I had an interesting discussion with a group of students this afternoon which highlighted how important it is to understand conditional probability and how code structure can produce unexpected results.

The students’ code contained three lists and a random number generator. The random number generator was meant to randomly chose which list to take something from with equal probability (that is 1/3 chance of selecting from each of the lists). However, somehow one of their lists was being selected far more than the others.

Their code looked similar to the following:

`if (random.nextInt(3) == 0) {`

// select from list 1

} else if (random.nextInt(3) == 1) {

// select from list 2

} else {

// select from list 3

}

Can you spot the bug?
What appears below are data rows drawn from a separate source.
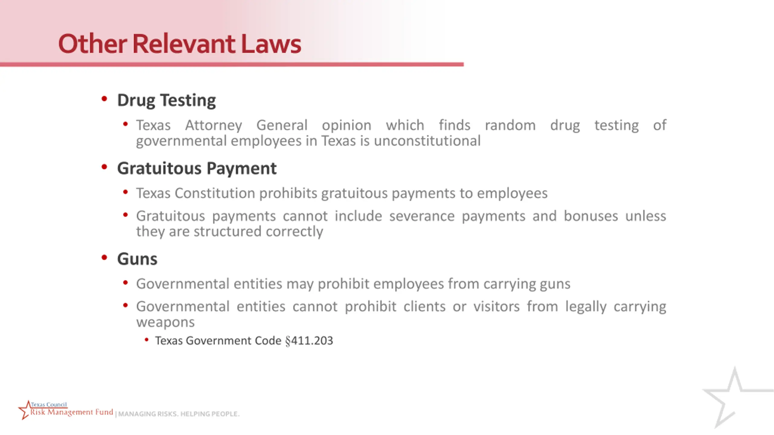 Other Relevant Laws Drug Testing Texas Attorney General opinion which finds random drug testing of governmental employees in Texas is unconstitutional Gratuitous Payment Texas Constitution prohibits gratuitous payments to employees Gratuitous payments cannot include severance payments and bonuses unless they are structured correctly Guns Governmental entities may prohibit employees from carrying guns Governmental entities cannot prohibit clients or visitors from legally carrying weapons Texas Government Code 411.203 | MANAGING RISKS. HELPING PEOPLE.
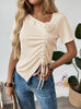 Irregular Drawstring V-neck Short-sleeved Shirt
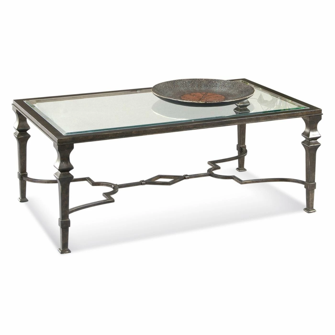 Crafted from elegant wrought iron finished with an antiqued burnished bronze, the Bassett Mirror Lido Rectangular Cocktail Table offers sophisticated style that coordinates with any design aesthetic and materials. The beveled glass top catches the light to showcase coffee table books or other decorative items and the ornate stretcher adds a striking detail.

Why would this not generate equal probabilities of selecting from each list?

I wrote some of my own code to test this code structure almost 100 million times:

`int count0 = 0;`

int count1 = 0;

int count2 = 0;

```
```

`// loop almost 100 million times`

for (int i = 0; i < 99999999; i++) {

if (r.nextInt(3) == 0) {

count0++;

} else if (r.nextInt(3) == 1) {

count1++;

} else {

count2++;

}

}

Which generated the results:

`Count0 = 33333271`

Count1 = 22221788

Count2 = 44444940

Which demonstrates this code doesn’t generate equal probabilities.
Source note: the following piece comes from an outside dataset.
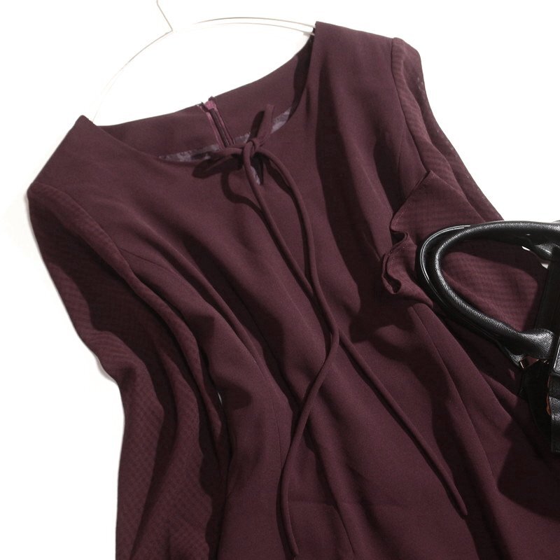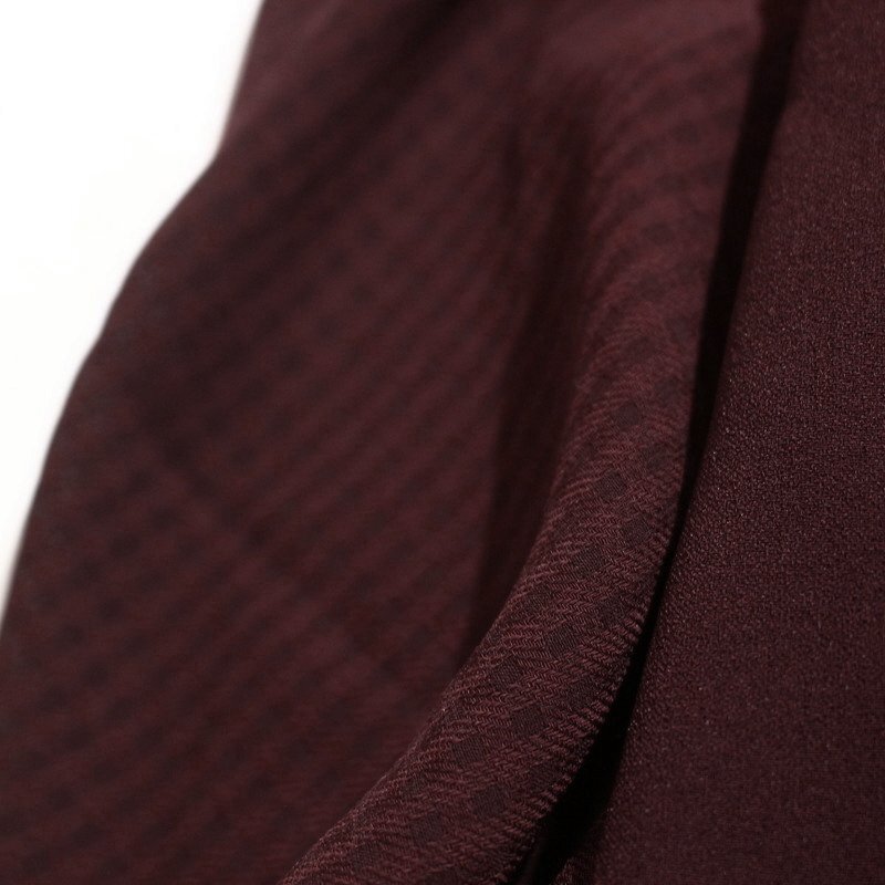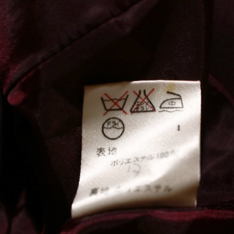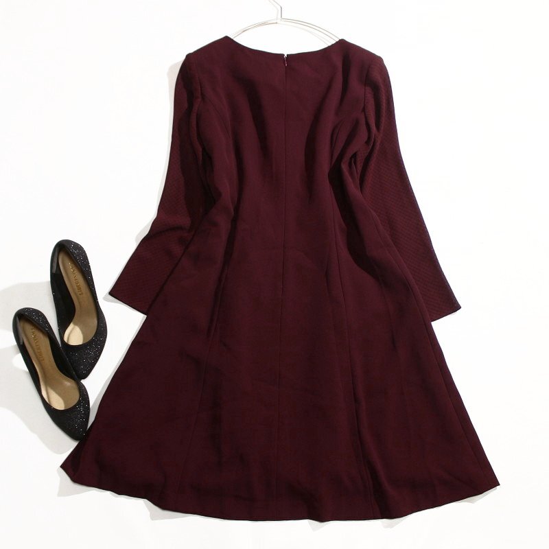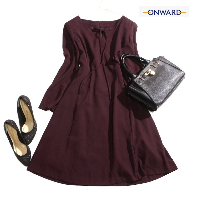 オンワード樫山 上品 シャドー 格子柄 デザインスリーブ ダークカラー ミセス ワンピース 11号 ダークレッド 赤 ポリエステル
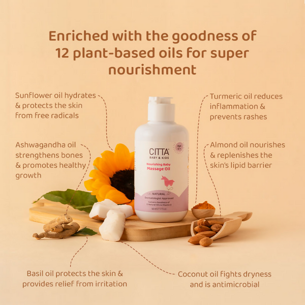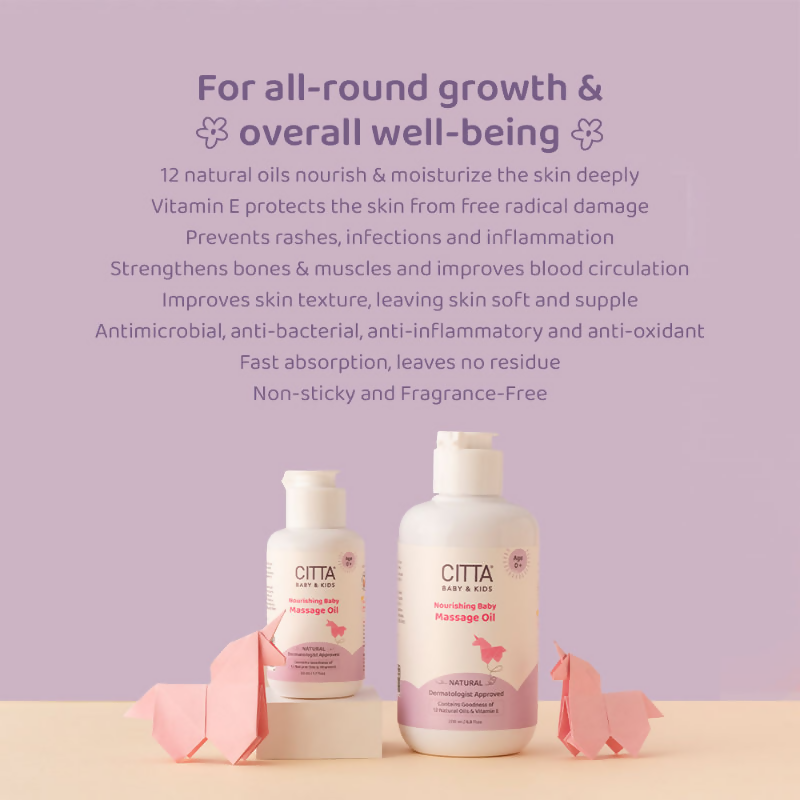 • Nurture, moisturize and protect your little ones skin with CITTAs Nourishing Baby Massage Oil . The nourishing blend of 12 oils for baby oil massage helps fight dryness, nourish, relax, prevent rashes and skin irritation, and strengthen the baby's bones and muscles. Naturally protected skin with toxin-free baby products for all babies and kids.

The problem is the second random number generation:

`if (r.nextInt(3) == 0) {`

count0++; // this has 1/3 probability (0.333333333333333)
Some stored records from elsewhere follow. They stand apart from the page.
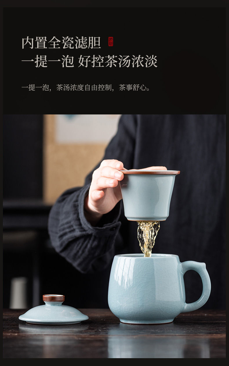 peacock green-lucky office cup three-piece set + blue portable leather box
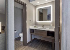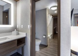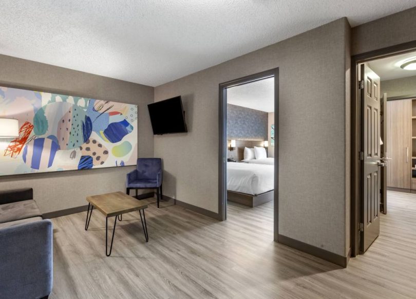 This room features a walk-through washroom with a walk-in shower, complimentary high-speed internet, a spacious work desk, and a 49″ flat screen HDTV located in both the bedroom and living area
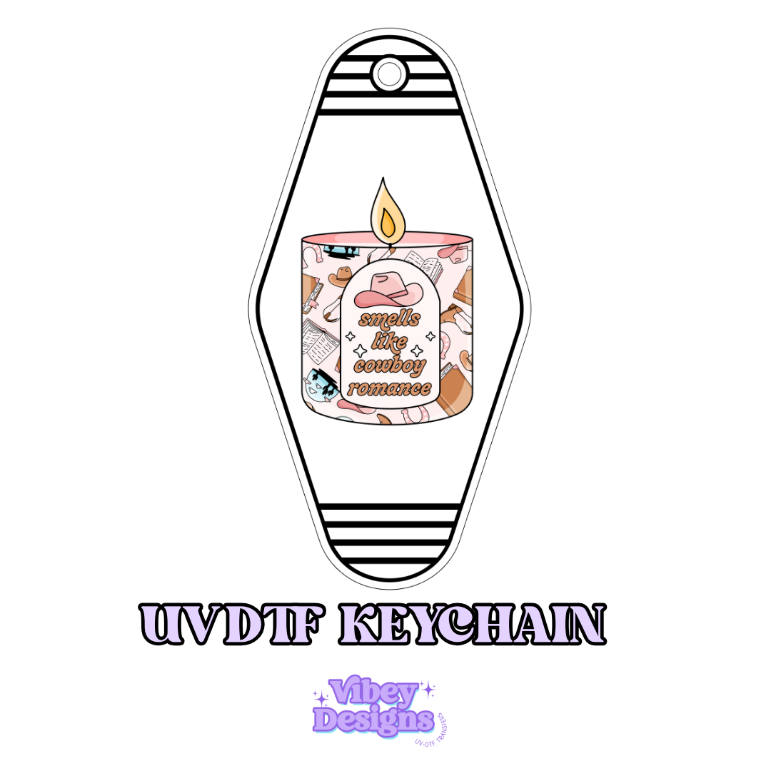RTS Motel Keychain | Shot glass Decal - Smells like Cowboy Romance

**} else if (r.nextInt(3) == 1) { // this else will run 2/3 of the time**

// and resolve true 1/3 of the times it runs

count1++; // 1/3 * 2/3 this line will run... i.e. 2/9 probability (0.22222222222)

} else {

count2++; // 2/3 * 2/3 this line will run... i.e. 4/9 (0.4444444444444)

}

Restructuring the code to only generate the random number once and storing this in a temporary variable makes a huge difference:

**int rInt = r.nextInt(3); // only generate a random number once.**

if (rInt == 0) {

count0++; // this will run 1/3 of the time.

} else if (rInt == 1) {

count1++; // this will run 1/3 of the time.

} else {

count2++; // this will run 1/3 of the time.

}

And the results of this are:

`Count0 = 33333907`

Count1 = 33332586

Count2 = 33333506

Which looks much better.

(Note: alternatively you could make the second random number generation be out of 2 rather than 3 but this would be slower as the random number generator will take a few CPU cycles to calculate.)